Police were led to the find by suspicious area residents, who had seen Americans hanging around the warehouse, located in a cow pasture off a highway near the suburb of Facatativa.

When police arrived, there was no one around. Surveillance cameras had been placed on the roof. No arrests have been made.

"This is very high tech," said Colombian Navy Capt. Ismael Idrobo, gazing up at the reddish sub, which stood in three sections on lengths of railroad track. "Look at the rudders and the pressurized double hull. This could easily travel 100 meters (yards) under the surface of the ocean."

Navy Capt. Fidel Azula, a former submarine captain and member of the Joint Chiefs of Staff, said even the Colombian navy lacked the knowledge to build such a vessel. "This is unmistakably of superb naval construction," he said.

Arreguin said seized documents, including blueprints, contained Russian- and American-sounding names. There were indications Russian engineers were involved, including "a very professional engineer who has constructed submarines before," Arreguin said.

The Russian Mafia has become increasingly involved in cocaine trafficking to Europe, Arreguin noted.

Scattered about the warehouse were welding tools, propane tanks, hardhats, tool boxes and knee pads, and a Grainger Tools catalogue from the United States. A no-smoking sign and calendars featuring bikini-clad models hung on the walls.
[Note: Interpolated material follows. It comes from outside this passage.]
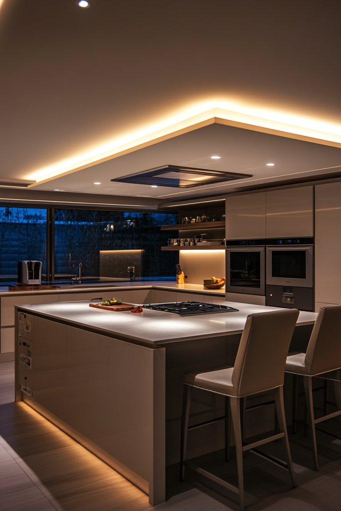 Imagine soft, warm LED strips under cabinets casting a gentle glow over your workspace. Overhead, sleek fixtures can be dimmed from bright to cozy with a simple tap on your phone or a voice command. The lights respond seamlessly to your needs, whether you’re chopping vegetables or hosting friends. The overall effect is a layered, dynamic ambiance that elevates your entire kitchen experience.
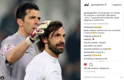 "Мое футбольное путешествие закончилось": прощальное письмо Андреа ПирлоДжанлуиджи Буффон

Previously, smugglers have outfitted passenger planes and ships to transport drugs, and even built some tiny fiberglass "submersibles" to ferry drugs to a mother ship. But they were mere contraptions compared to this sub, which measured over 11 feet in diameter.

Years ago, Colombians drug traffickers reportedly tried to buy, through intermediaries, a military submarine from the Kremlin's fleet as the Soviet Union collapsed.

Theorizing why this sub was being built so far from the ocean, National Police Director Gen. Ernesto Gilibert said it was to conceal the operation and for easy access to high-grade construction materials.

Officials believe the traffickers would have transported the sub in three sections to the coast aboard tractor-trailers.